Task goal =>
Print only the lines below from the one with "#simar #interrupcaonoabastecimentodeagua #27defevereiro" to the one with "Shirt realized in", both included, exactly as they stand. Leave pictures out.

Given data =>
.....

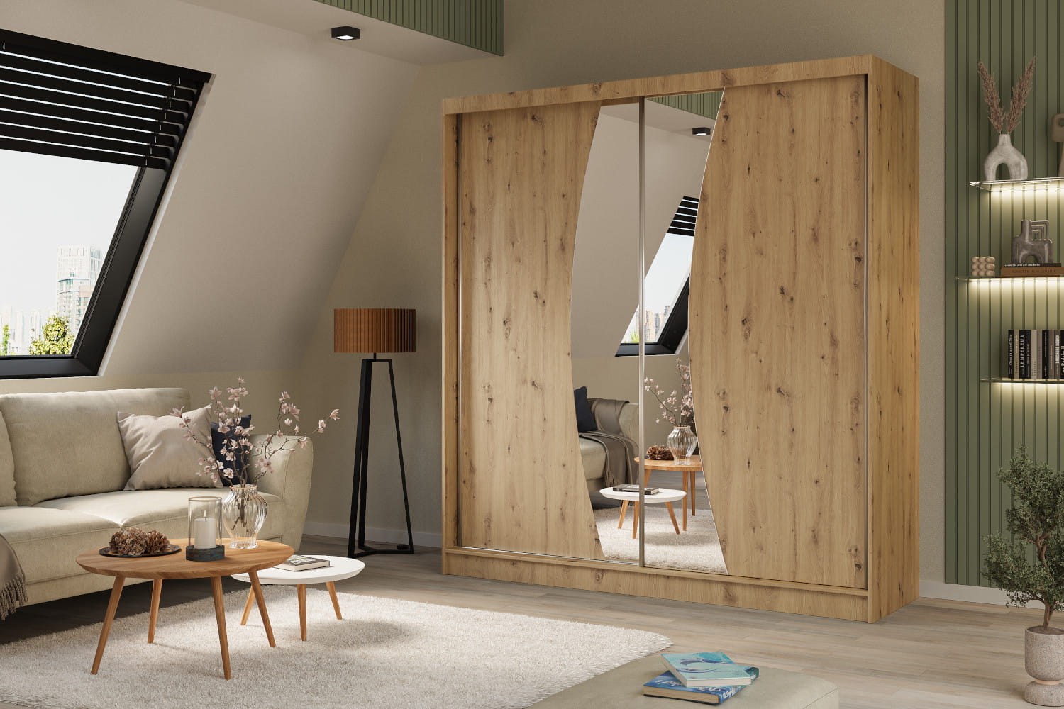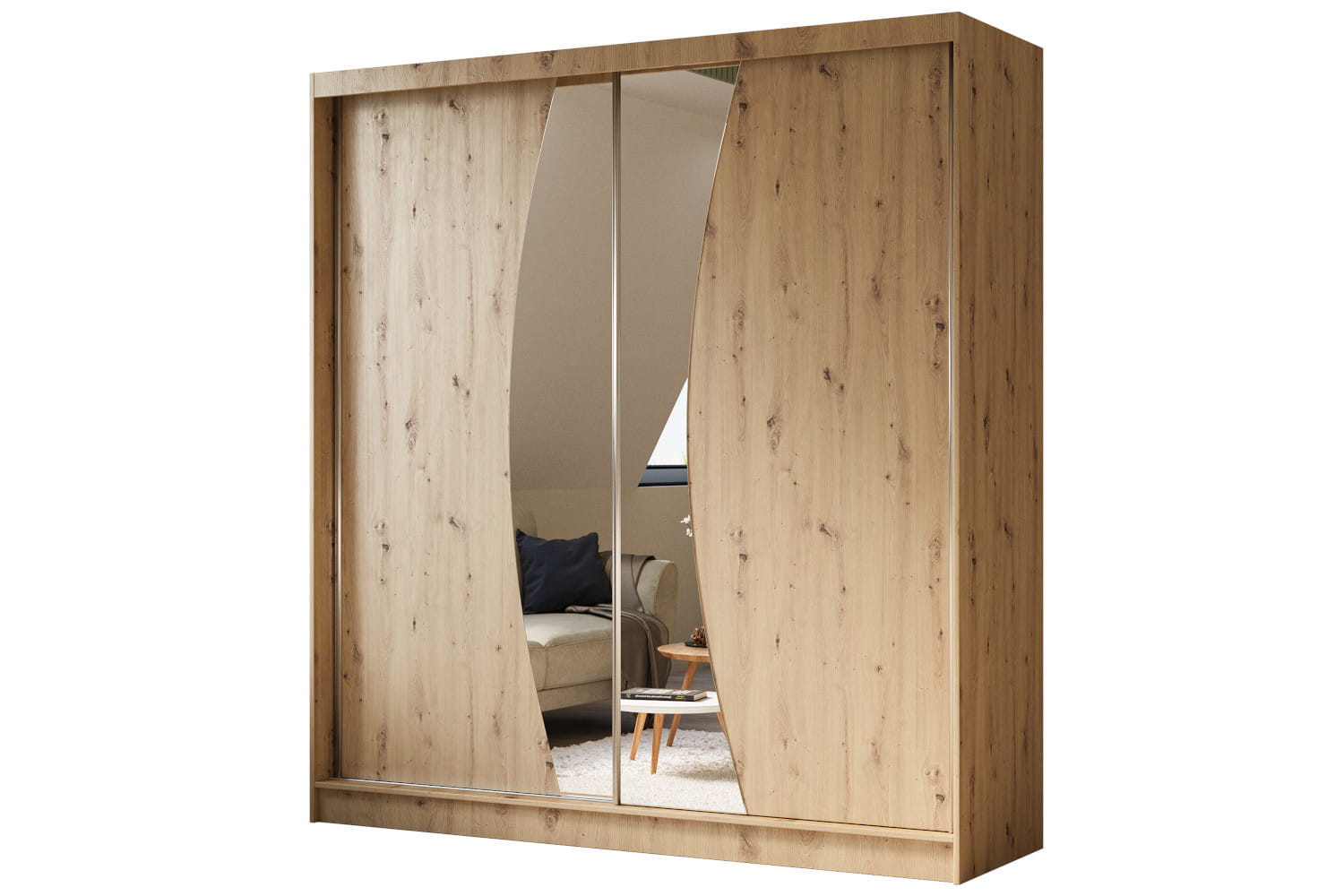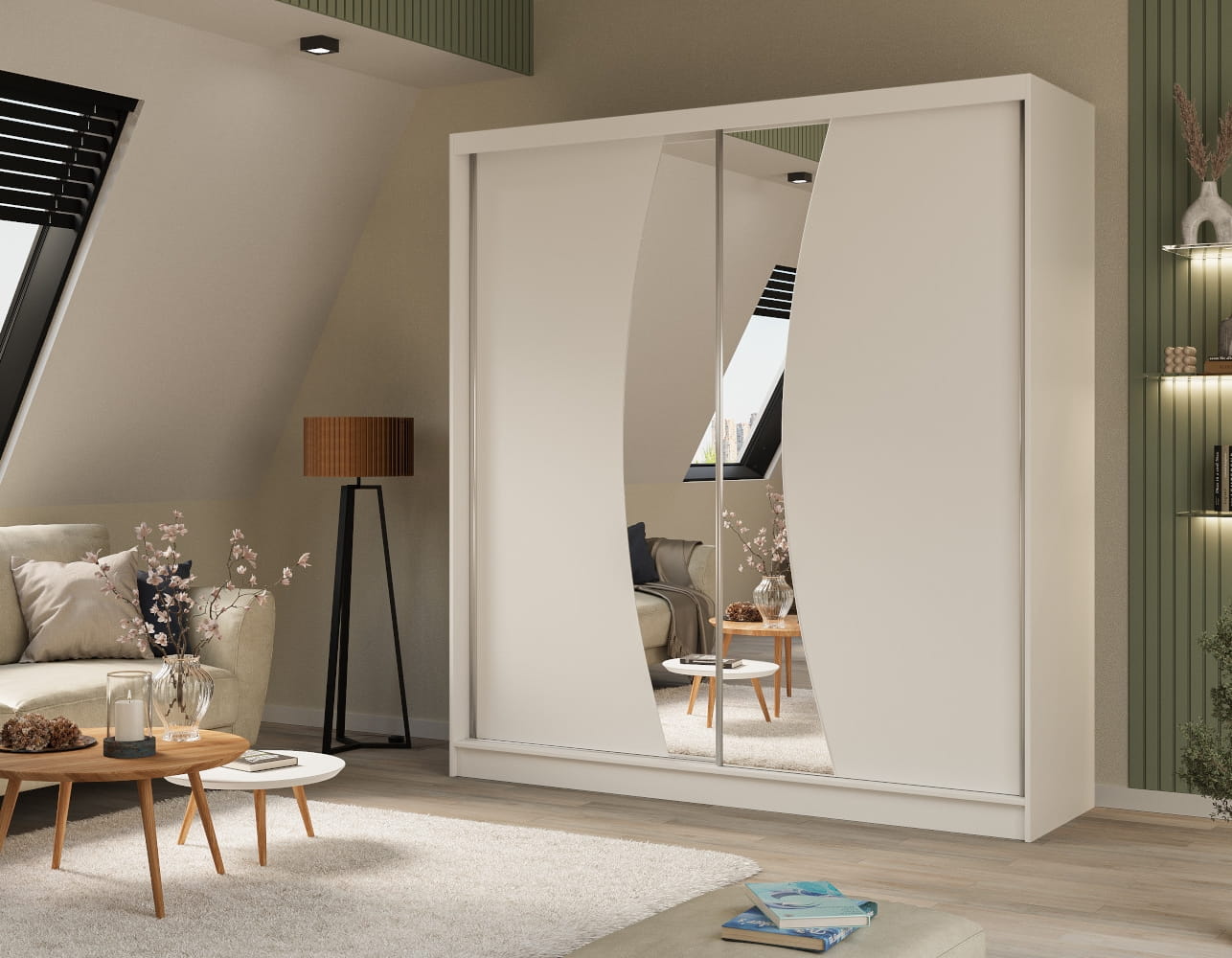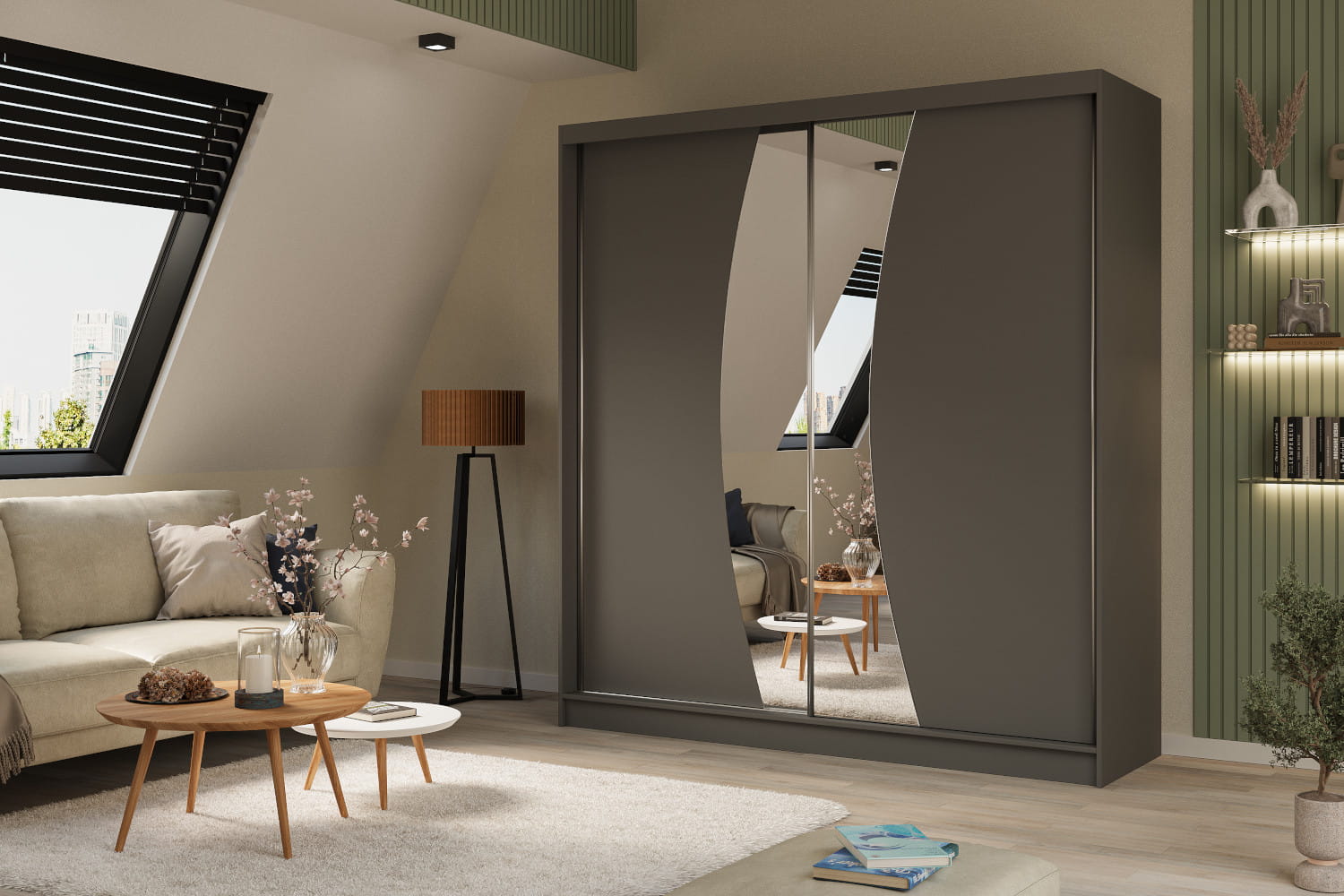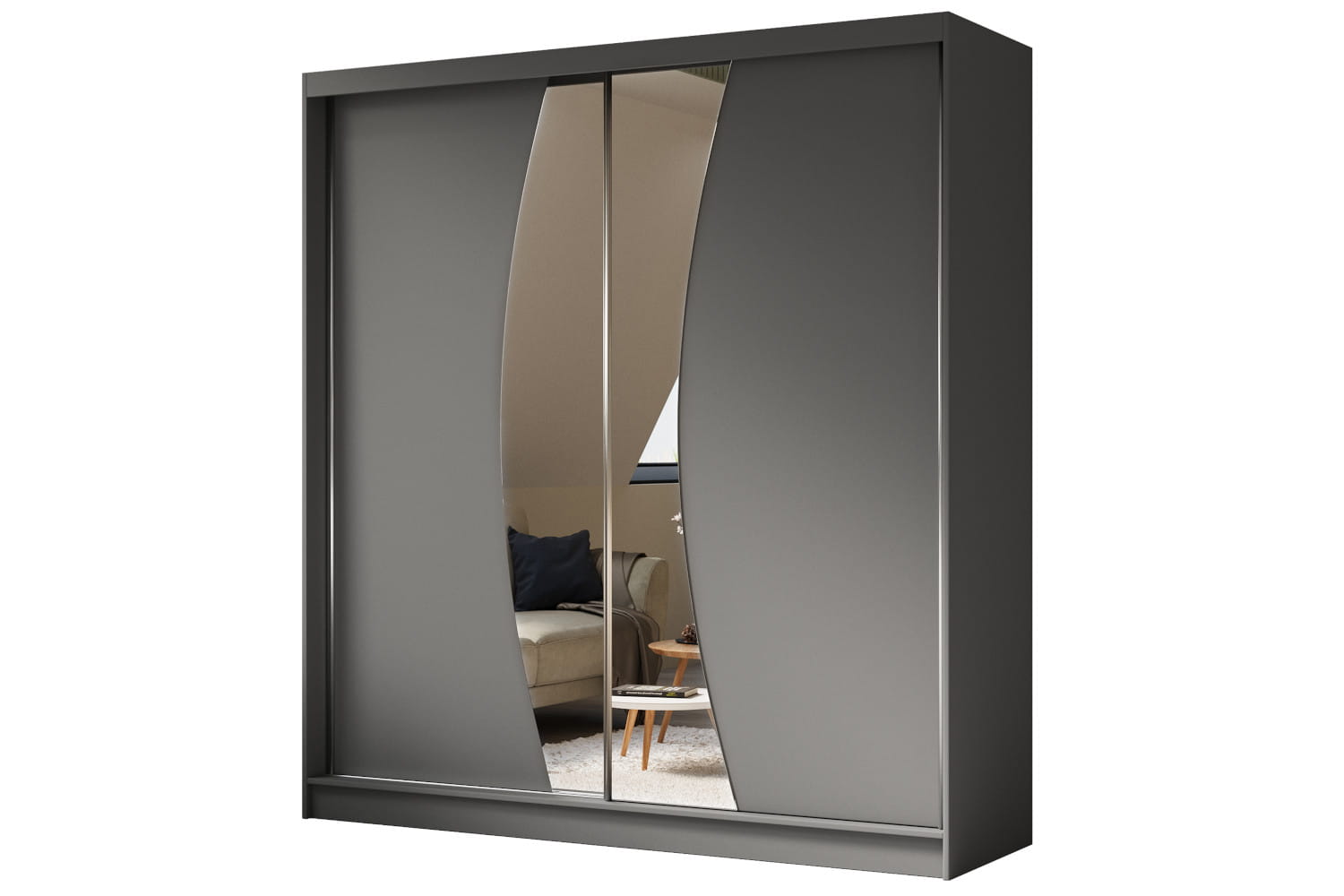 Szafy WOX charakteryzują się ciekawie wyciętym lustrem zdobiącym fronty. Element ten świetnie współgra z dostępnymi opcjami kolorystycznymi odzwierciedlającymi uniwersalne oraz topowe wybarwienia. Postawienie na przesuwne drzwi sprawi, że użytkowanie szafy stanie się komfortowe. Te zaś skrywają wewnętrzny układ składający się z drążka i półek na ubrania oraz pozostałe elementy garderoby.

.....

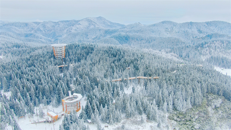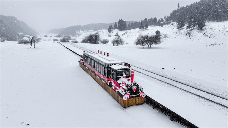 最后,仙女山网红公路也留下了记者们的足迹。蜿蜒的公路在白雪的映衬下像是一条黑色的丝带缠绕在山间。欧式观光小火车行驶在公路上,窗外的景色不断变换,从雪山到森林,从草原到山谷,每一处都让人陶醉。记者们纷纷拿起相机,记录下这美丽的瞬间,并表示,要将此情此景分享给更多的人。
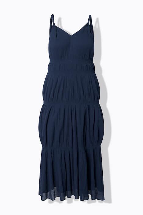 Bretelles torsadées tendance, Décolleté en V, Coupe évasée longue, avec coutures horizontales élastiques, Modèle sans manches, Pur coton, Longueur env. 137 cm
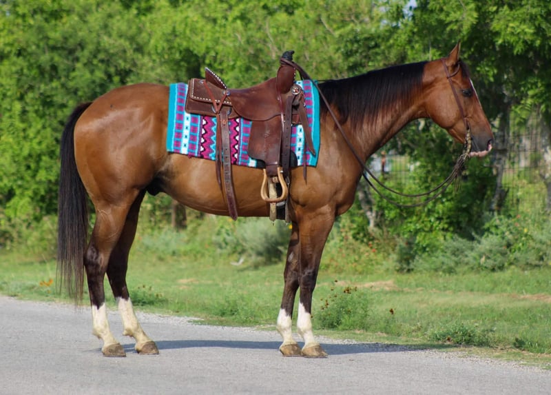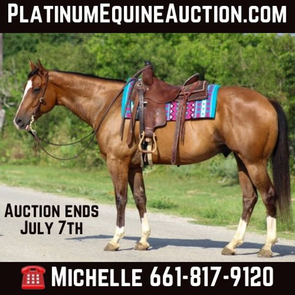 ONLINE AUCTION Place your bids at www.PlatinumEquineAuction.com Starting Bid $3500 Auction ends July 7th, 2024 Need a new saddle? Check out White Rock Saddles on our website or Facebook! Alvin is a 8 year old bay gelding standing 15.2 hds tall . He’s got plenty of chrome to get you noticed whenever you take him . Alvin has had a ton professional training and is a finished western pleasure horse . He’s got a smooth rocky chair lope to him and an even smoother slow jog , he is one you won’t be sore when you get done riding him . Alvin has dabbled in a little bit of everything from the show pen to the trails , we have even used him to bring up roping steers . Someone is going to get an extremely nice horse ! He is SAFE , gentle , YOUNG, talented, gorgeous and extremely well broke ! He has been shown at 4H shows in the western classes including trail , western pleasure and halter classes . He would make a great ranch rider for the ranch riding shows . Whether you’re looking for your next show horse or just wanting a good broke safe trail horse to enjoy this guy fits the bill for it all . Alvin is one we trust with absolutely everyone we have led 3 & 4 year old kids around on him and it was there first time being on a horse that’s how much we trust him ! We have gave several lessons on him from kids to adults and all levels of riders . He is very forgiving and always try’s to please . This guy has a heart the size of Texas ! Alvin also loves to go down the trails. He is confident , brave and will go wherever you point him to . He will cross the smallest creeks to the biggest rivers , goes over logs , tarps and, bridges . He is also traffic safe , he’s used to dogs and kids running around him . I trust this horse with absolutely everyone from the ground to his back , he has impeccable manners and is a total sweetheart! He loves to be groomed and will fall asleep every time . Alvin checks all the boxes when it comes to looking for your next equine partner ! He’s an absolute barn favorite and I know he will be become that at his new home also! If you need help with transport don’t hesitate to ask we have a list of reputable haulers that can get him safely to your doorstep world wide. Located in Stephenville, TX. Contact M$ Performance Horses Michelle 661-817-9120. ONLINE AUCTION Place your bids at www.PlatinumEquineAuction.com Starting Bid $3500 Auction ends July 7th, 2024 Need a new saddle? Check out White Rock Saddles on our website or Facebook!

.....

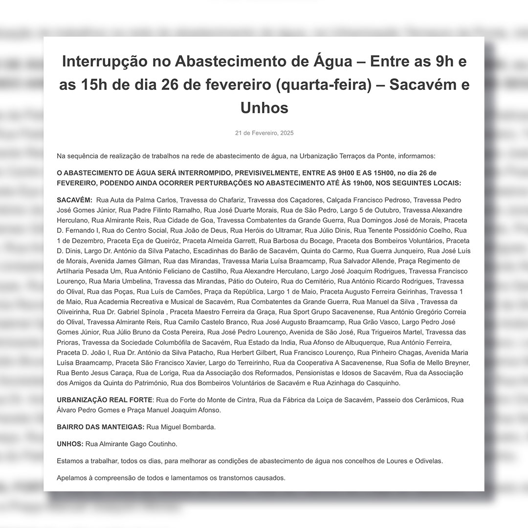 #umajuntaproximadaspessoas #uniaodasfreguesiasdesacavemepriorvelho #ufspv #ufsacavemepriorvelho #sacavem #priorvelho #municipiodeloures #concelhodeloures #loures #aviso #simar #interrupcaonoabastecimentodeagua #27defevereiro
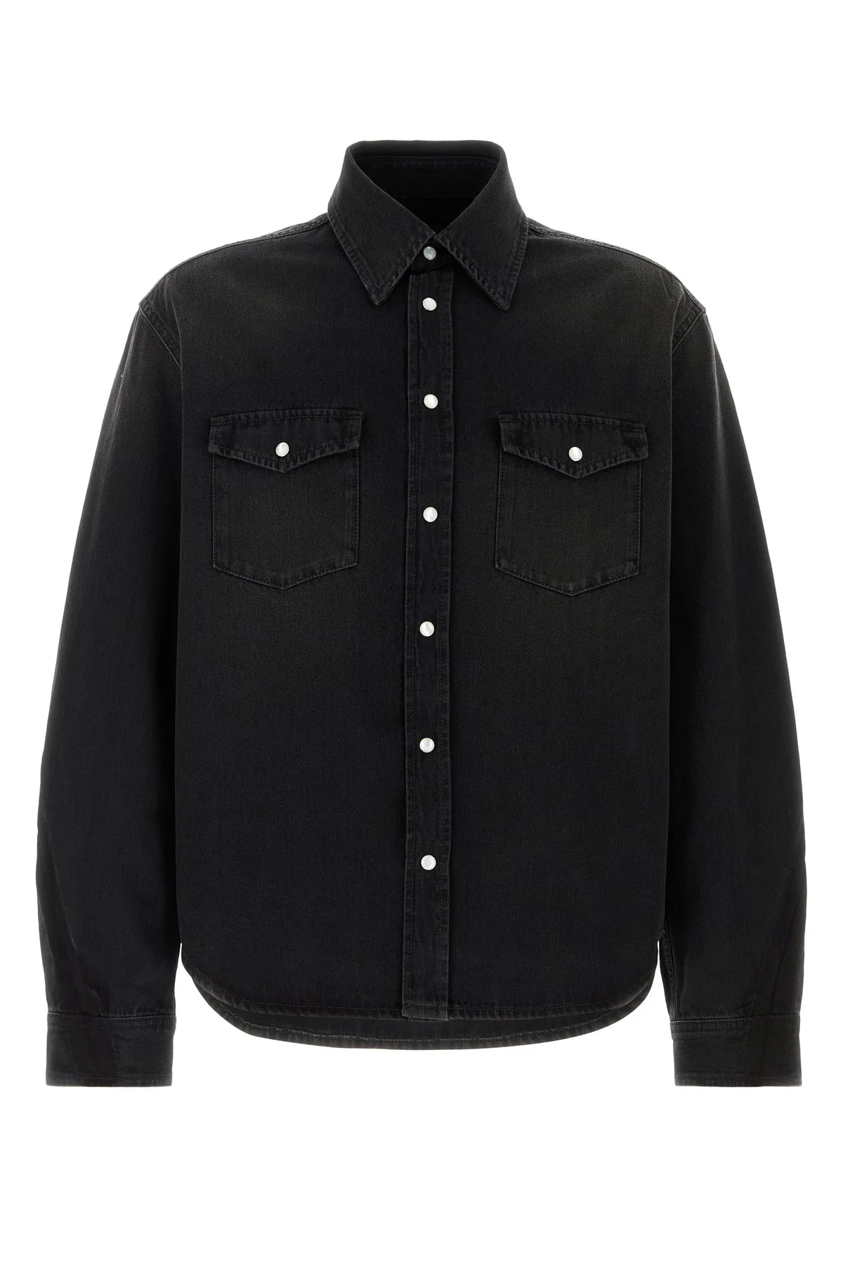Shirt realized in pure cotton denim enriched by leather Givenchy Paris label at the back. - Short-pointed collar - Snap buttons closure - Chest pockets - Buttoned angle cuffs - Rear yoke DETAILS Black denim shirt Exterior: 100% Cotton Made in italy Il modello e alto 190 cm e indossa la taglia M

.....

Solution to this problem =>
 #umajuntaproximadaspessoas #uniaodasfreguesiasdesacavemepriorvelho #ufspv #ufsacavemepriorvelho #sacavem #priorvelho #municipiodeloures #concelhodeloures #loures #aviso #simar #interrupcaonoabastecimentodeagua #27defevereiro
Shirt realized in pure cotton denim enriched by leather Givenchy Paris label at the back. - Short-pointed collar - Snap buttons closure - Chest pockets - Buttoned angle cuffs - Rear yoke DETAILS Black denim shirt Exterior: 100% Cotton Made in italy Il modello e alto 190 cm e indossa la taglia M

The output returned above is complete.